* _Assignment_
Once the line containing "这款衣服是AAAAA 1:1 质量" is found, please copy it and all lines after it through the end of the records, exactly, leaving out pictures.

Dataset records
:::::
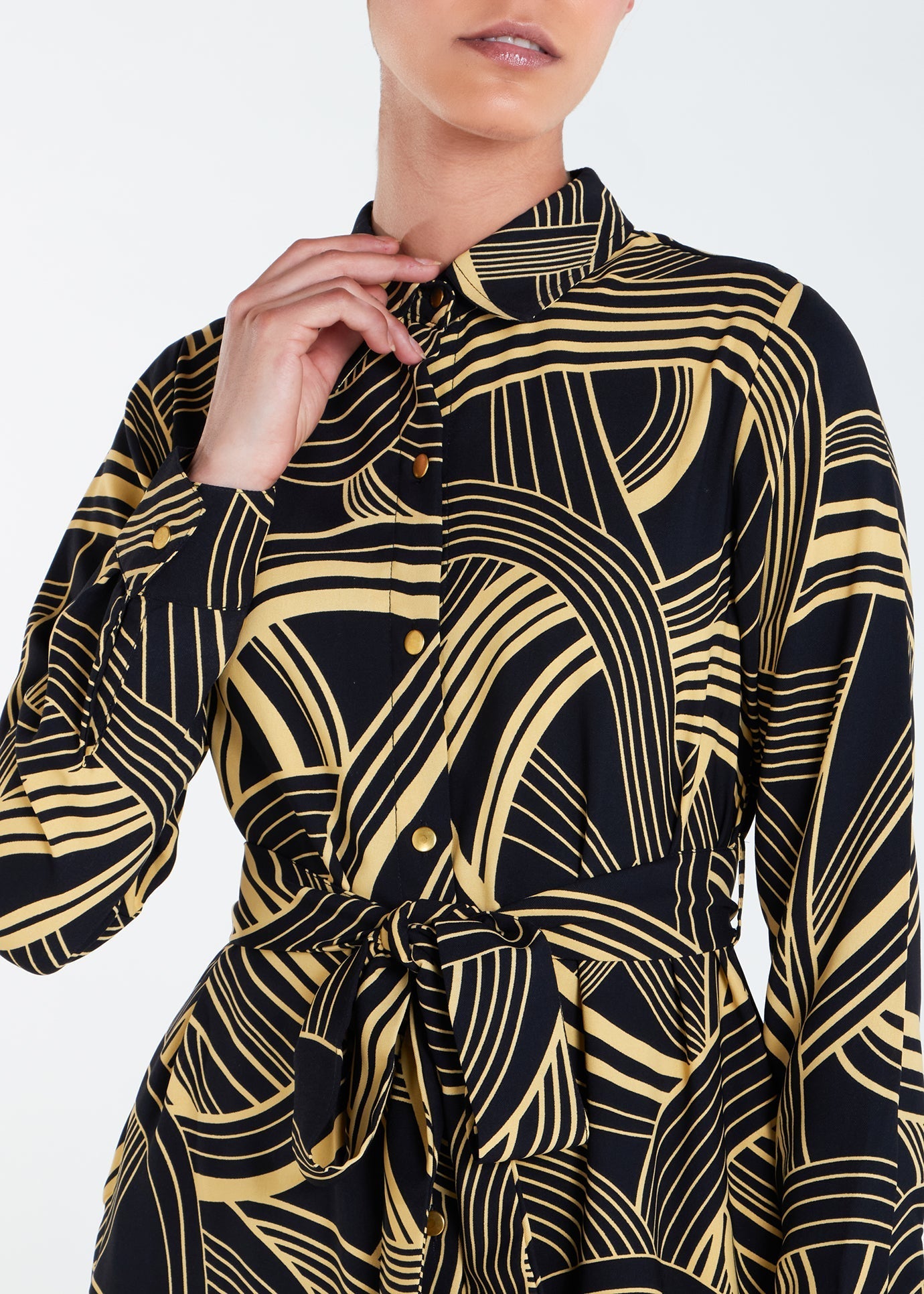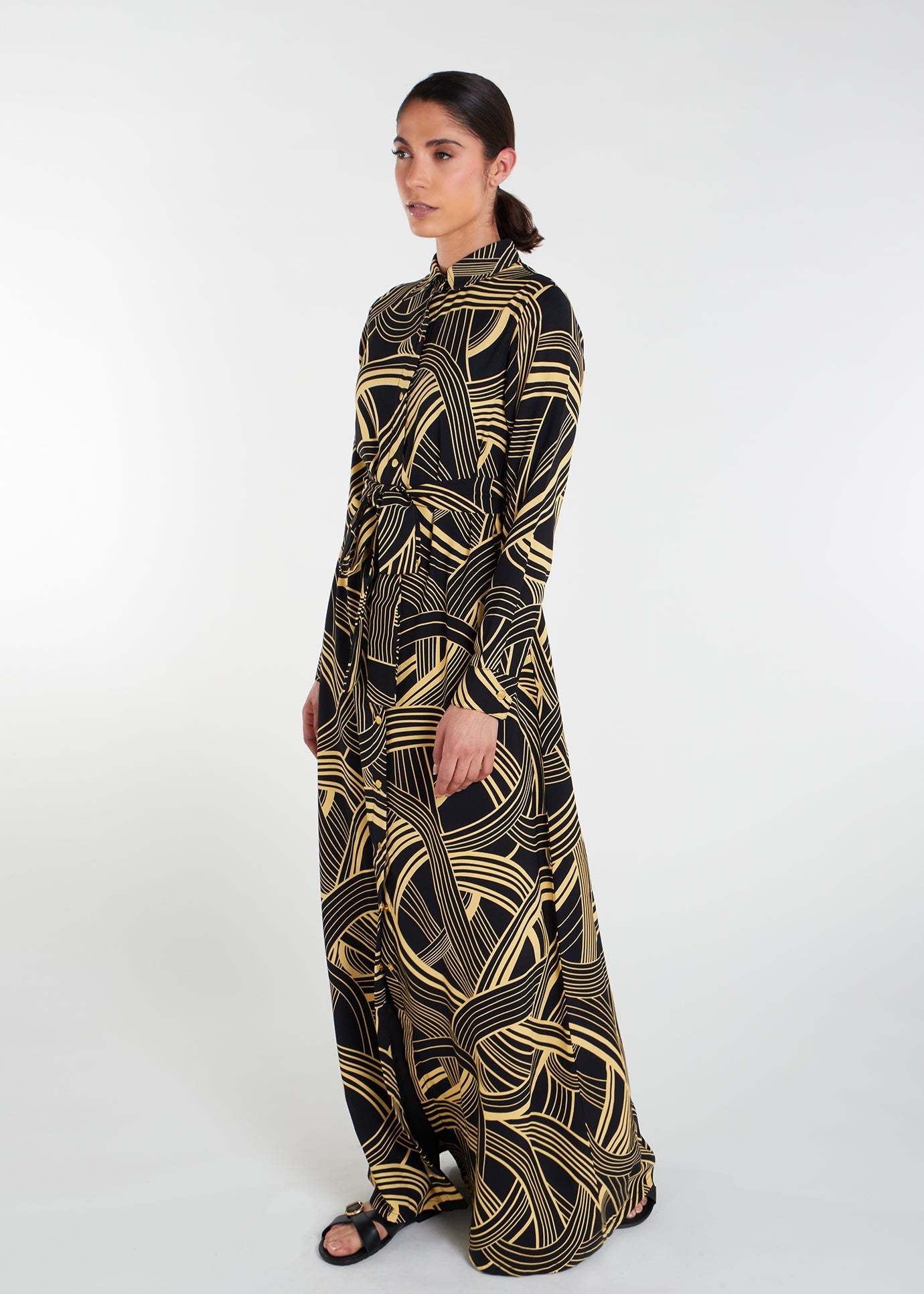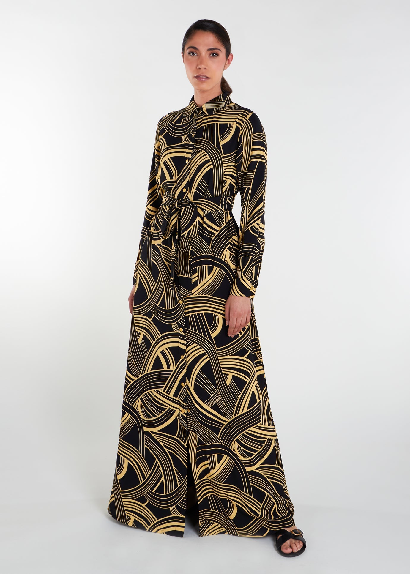 This maxi dress is fully lined with a vibrant black and mustard print, discreet side pockets, and gold snapper buttons to accentuate the look. Its crease-free design makes it perfect for warmer weather.
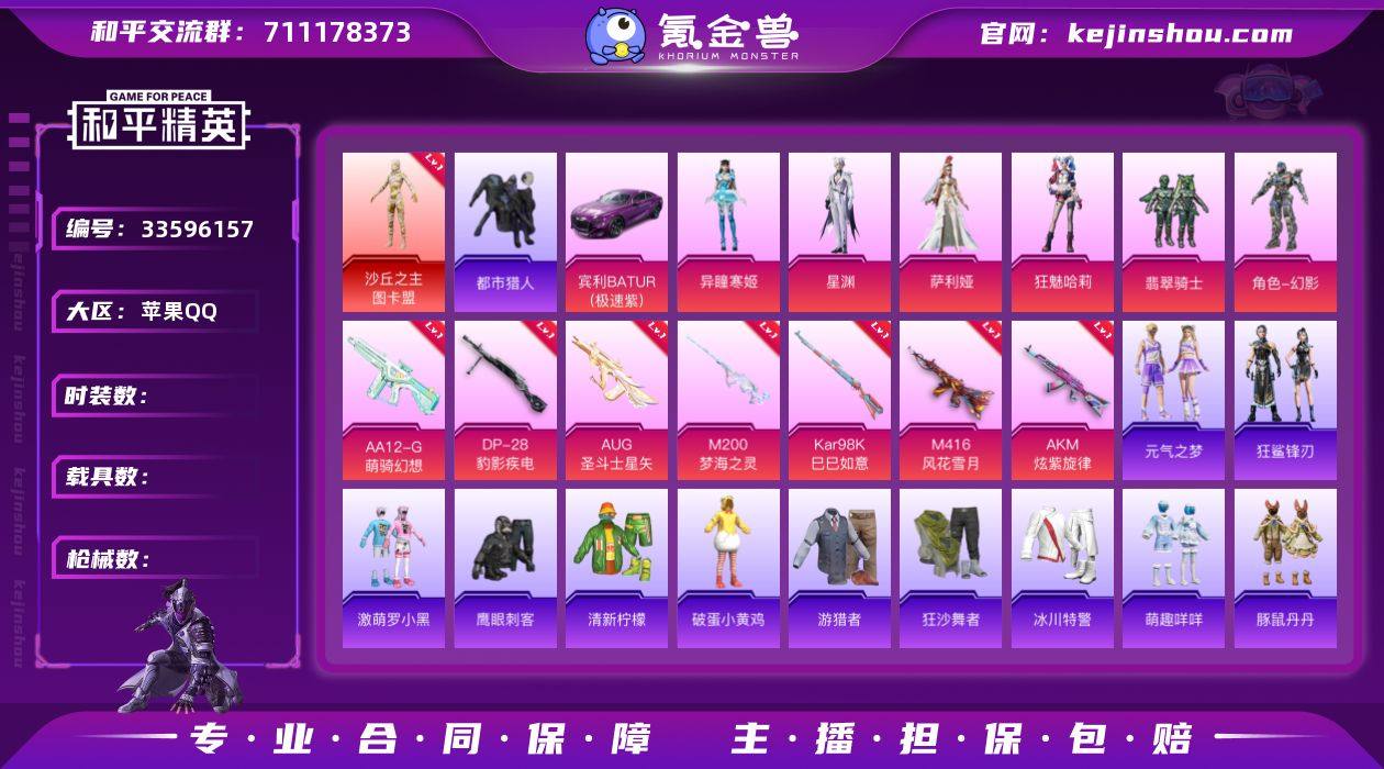 WJ920【图卡盟[3级]1载具-1神装-4粉装-8特效枪】苹果手Q-1载具-1神装-4粉装-8特效枪-180套装-246枪皮-10王牌印记-不朽星钻Ⅲ-80065热力值【1载具】宾利BATUR(极速紫)【1神装】沙丘之主-图卡盟[3级]【4粉装】角色-异瞳寒姬,角色-萨利娅,翡翠骑士,角色-狂魅哈莉【8特效枪】M200-梦海之灵[3级],M416-风花雪月[7级],AKM-炫紫旋律[7级],DP-28-豹影疾电[5级],Mk14-福马献瑞[5级],AUG-圣斗士星矢[7级],AA12-G-萌骑幻想[5级],Kar98K-巳巳如意[5级]【5稀有】浪漫天命,激萌罗小黑,狂沙舞者,都市猎人,暗影哥特【13飞行器】荒原烈焰飞行器,鸡智如我飞行器,红色滑翔尾迹,粉色滑翔尾迹,马上有福飞行器,沙丘之主天马,圣域金龙飞行器,破刃行动尾迹,幻海精灵飞行器,终晖之翼飞行器,异域银装飞行器,狂鲨锋刃飞行器,登顶巅峰飞行器【1背包】幻影战神背包【432其它衣服和枪皮】星渊小夜曲,薄荷星砂,街头潮人,SS20特训,科技之星,幻彩翩翩,核芯基因,牛气冲天,焰鹰斗篷,鹰眼刺客,燕雀桃枝,极地朋克,冰川特警,六六大吉,龙魂突击队,轻风白浪,黄色伏地魔,青春校园,玲珑侠影,青春冒险家,吉莉礼服,萌趣颜团子,滨海假日,海岛探路者,青翼流星,异彩先驱,混沌火种,绚紫流光,凌霄紫焰,清新柠檬,快闪甜心,漫步者,...
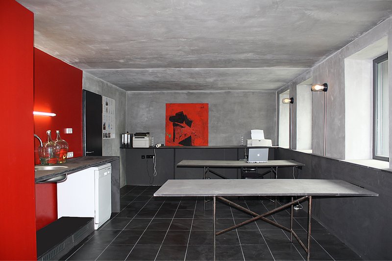 Die verputzten Betoninnenwände und Decken im Erdgeschoss erhielten wieder ihr natürliches Erscheinungsbild. Die Wände in den Obergeschossen wurden neu verputzt und mit Silikatfarbe gestrichen. Keine Tapete soll die Wärmespeicherung einschränken.
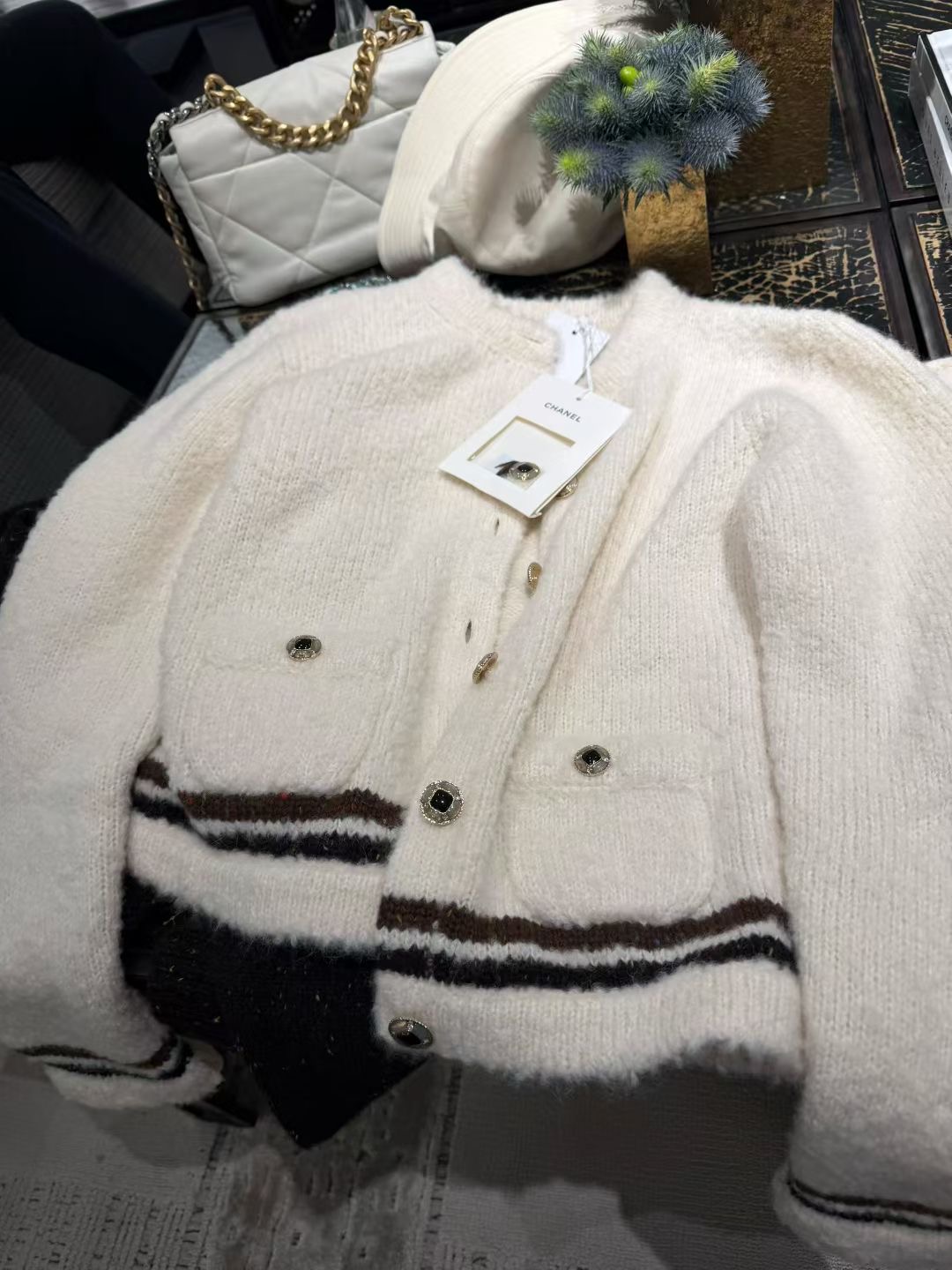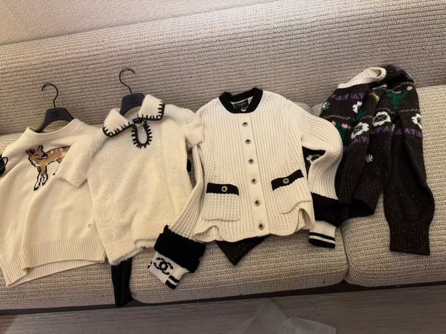 这款衣服是AAAAA 1:1 质量 (非常棒). 使用了和原版一模一样的材料. 商标部分也保持了和香奈儿/Chanel一样. 图片拍摄是实物衣服拍摄, 您所收到的实物保证和我们图片一模一样.
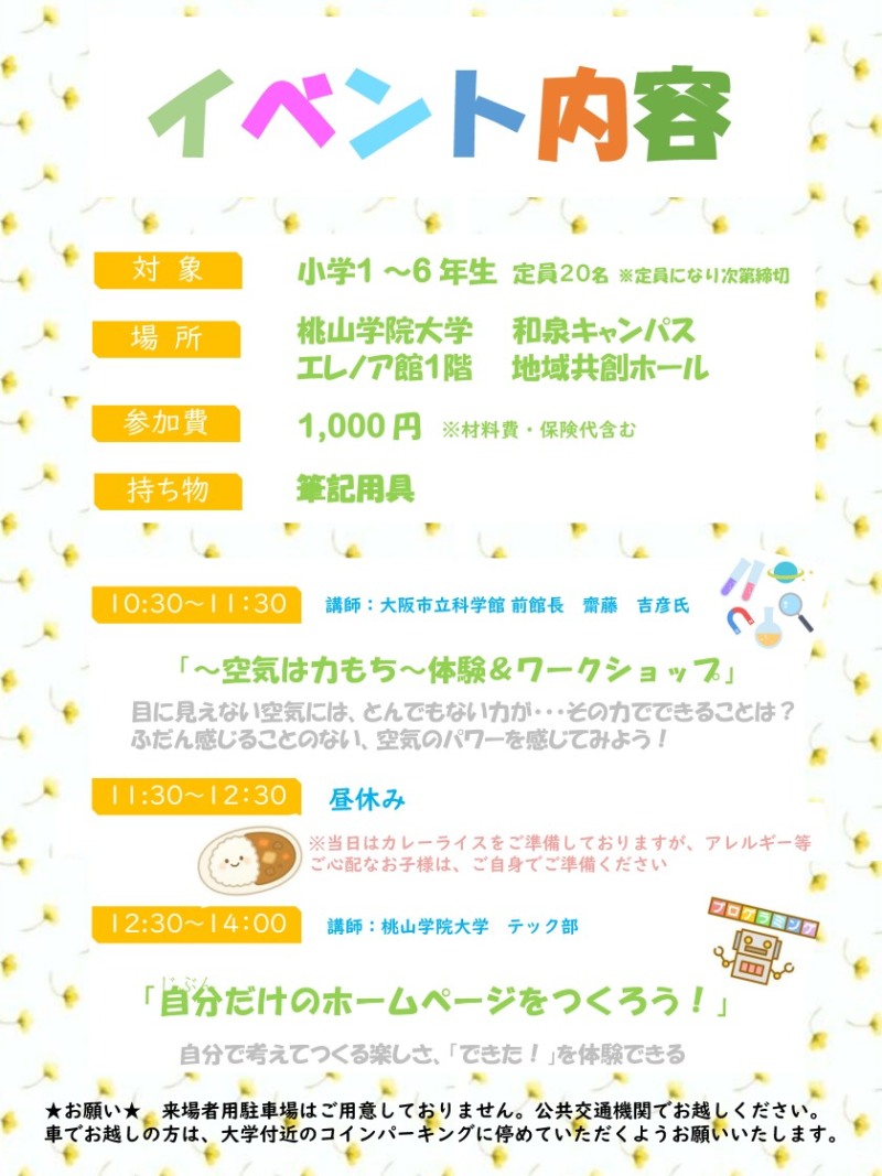 講師に大阪市立科学館 前館長の齋藤吉彦氏をお迎えし、「~空気は力もち~ 体験&ワークショップ」や、本学テック部によるプログラミング教室「自分だけのホームページをつくろう!」など、多彩なプログラムをご用意しております。
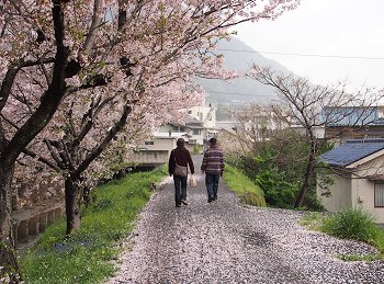 GONsan同様に、ノンビリと、散り始めました桜を楽しんでおられます二組のご夫婦を、少し離れた地点からパチリとなりました(^_^)v
:::::
* _Written reply_
 这款衣服是AAAAA 1:1 质量 (非常棒). 使用了和原版一模一样的材料. 商标部分也保持了和香奈儿/Chanel一样. 图片拍摄是实物衣服拍摄, 您所收到的实物保证和我们图片一模一样.
 講師に大阪市立科学館 前館長の齋藤吉彦氏をお迎えし、「~空気は力もち~ 体験&ワークショップ」や、本学テック部によるプログラミング教室「自分だけのホームページをつくろう!」など、多彩なプログラムをご用意しております。
 GONsan同様に、ノンビリと、散り始めました桜を楽しんでおられます二組のご夫婦を、少し離れた地点からパチリとなりました(^_^)v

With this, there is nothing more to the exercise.